You can download and save these files from my Google spreadsheet archive of the Monaco data by right-clicking on the link and choosing "Save Link As..." or something similar. I saved the files as mco_2001fp1laptimes.csv and mco_2001fp1laptimes.csv respectively.

In Rstudio, you can now load in the data using the Import Dataset option.

(Loading direct from the CSV URL doesn't seem to work for me...)

The datasets I uploaded to Google spreadsheets include things like each laptime in the practice session, the stint (and lap number in the stint), the elapsed time during the session at the end of each lap and the fuel corrected laptime (relative to the stint)

Here's how we can plot how the teams used the session - the following command says "for each driver, plot the elapsed time at which they finished each lap using the FP1 data)":

plot (DriverNum ~ Elapsed,data=mco_2011p1laptimes)

(The Export option in the Chart window allows you to easily save the chart as an image file.)

If we want to plot session 1 and session 2 data on the same chart, we can generate a combined data set. (Both datasets have exactly the same column headings.) Before we do that though, we want to be able to identify the data from free practice 1 and free practice 2 in the combined dataset. We can do that by adding a new column to each dataset within R (it will leave the actual CSV file untouched) that specifies the practice session:

mco_2011p1laptimes$fpsession<-1 mco_2011p12aptimes$fpsession<-2

Here, the first command says: for dataset mco_2011p1laptimes, add a column ($) fpsession and set the value of each cell in that column to 1.

Now we can concatenate the two datasets (rbind, which maybe means "row bind"?) into a single dataset (bothfp), whilst still being able to reference each sessions times directly via the fpsession column.


We can now plot data from both practice sessions on the the same chart using the following command:

plot (DriverNum ~ Elapsed, col=fpsession,pch=Stint,data=bothfp)

This reads as "plot a scatterplot (plot) for each DriverNum against Elapsed time, colouring the points by the session number (col=fpsession) and using symbols that represent which stint in the session the driver was on (pch=Stint):

We should really add a title too, using the main parameter:

plot (DriverNum ~ Elapsed, col=fpsession,pch=Stint,data=bothfp,main="F1 2011 Monaco: Free Practice 1 and 2 Session Utilisation")

Alternatively, we could have added the title using the command:
title(main="F1 2011 Monaco: Free Practice 1 and 2 Session Utilisation")

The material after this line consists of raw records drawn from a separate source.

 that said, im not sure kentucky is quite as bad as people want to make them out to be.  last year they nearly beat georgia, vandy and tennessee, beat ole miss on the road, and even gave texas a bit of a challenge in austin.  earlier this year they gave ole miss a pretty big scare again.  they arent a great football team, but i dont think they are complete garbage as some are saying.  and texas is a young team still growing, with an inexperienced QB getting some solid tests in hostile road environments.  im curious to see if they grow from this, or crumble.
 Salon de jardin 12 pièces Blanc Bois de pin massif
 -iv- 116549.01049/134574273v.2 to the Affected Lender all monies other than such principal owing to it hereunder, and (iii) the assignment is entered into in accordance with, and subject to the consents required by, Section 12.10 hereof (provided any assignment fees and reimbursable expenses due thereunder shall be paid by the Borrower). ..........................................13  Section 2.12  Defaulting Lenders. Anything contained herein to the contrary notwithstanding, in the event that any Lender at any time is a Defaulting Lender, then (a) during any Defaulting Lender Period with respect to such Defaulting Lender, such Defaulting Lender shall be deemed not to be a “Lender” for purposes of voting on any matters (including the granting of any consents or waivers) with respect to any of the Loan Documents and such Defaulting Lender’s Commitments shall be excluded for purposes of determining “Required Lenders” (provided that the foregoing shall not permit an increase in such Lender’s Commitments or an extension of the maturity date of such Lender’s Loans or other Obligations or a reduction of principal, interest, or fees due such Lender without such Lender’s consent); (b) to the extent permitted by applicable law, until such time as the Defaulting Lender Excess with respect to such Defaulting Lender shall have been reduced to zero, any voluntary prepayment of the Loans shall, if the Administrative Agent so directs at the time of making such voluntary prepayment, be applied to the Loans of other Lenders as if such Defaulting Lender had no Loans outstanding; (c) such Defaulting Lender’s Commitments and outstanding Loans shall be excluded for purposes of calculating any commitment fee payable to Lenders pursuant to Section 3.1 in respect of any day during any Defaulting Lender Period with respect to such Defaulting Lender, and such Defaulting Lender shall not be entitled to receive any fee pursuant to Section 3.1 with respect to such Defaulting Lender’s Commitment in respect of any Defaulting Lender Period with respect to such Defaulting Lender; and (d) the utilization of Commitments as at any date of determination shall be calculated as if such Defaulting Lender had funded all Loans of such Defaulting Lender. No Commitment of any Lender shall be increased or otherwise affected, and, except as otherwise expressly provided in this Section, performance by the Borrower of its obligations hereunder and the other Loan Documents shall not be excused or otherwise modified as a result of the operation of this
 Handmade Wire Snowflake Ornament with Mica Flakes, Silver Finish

Here, par(ps=10) says: first set the parameter ps (font size) to 10, then print the title.

Seeing how the teams used the session is one thing, but how about the laptime distribution within a session? The following command shows the laptimes across the second session as a whole by driver:

plot (Time ~ DriverNum, data=mco_2011p2laptimes)

If we want to look at the distributions of laptimes by driver, we can plot the "density" of laptimes according to driver (this is a bit like a histogram, but it uses a continuous line to display the distribution of the laptimes).

plot (density(d1$Time))

(Another way of writing the above would be plot (density(Time),subset(mco_2011p2laptimes,DriverNum==3)). Can you see how they achieve the same thing?)

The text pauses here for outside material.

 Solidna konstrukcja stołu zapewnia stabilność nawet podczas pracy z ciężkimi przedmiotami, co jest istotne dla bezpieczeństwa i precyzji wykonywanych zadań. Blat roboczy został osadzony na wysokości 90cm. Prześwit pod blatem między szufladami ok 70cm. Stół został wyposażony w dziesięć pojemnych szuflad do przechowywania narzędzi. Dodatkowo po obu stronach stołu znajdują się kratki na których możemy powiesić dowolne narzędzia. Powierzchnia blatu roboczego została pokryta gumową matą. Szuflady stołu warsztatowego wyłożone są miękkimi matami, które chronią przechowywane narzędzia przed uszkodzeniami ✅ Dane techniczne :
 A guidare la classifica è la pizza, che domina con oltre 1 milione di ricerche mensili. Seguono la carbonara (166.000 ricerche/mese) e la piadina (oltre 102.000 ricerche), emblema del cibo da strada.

If we include the lattice package in out set up (which may need installing via Packages/Install Packages), we can plot multiple kernel density plots on the same chart. Here's a comparison the in-stint fuel corrected laptimes between Hamilton and Vettel:

densityplot(~Fuel.Corrected.Laptime, groups=DriverNum, data=subset(mco_2011p2laptimes,DriverNum==1 | DriverNum==3),main="F1 2011 Monaco - FP2: VET vs HAM")

(This really needs a legend to identify each driver.)

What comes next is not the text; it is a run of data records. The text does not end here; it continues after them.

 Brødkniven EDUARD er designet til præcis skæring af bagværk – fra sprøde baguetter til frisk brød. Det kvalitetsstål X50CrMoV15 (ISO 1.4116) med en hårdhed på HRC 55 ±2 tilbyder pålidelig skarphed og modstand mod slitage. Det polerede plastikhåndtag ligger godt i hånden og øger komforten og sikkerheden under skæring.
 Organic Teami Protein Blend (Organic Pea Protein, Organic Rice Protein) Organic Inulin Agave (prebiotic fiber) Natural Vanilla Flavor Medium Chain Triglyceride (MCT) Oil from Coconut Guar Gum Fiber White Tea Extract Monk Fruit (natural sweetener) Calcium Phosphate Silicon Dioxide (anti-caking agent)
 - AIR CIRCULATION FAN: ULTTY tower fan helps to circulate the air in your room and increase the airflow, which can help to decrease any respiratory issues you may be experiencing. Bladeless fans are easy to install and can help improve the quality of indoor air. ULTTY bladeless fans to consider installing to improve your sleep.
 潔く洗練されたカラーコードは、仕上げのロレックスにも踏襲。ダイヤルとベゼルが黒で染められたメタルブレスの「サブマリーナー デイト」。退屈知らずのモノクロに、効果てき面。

At first glance, this is quite appealing, but on second thoughts I wonder if a histogram wouldn't actually reveal more? For example, if you look closely, you see that there Hamilton's laptimes may also be split into two main clusters, as Vettel's are, although this distinction is masked by the smoothed density plot? Hmm...

Note that we can also use the lattice to plot a separate distribution plot for each driver:


(In this case, I need to work out how to label each chart; note that there is a visual indicator of each DriverNum in each celll title bar. Hint: VET is the bottom left chart.)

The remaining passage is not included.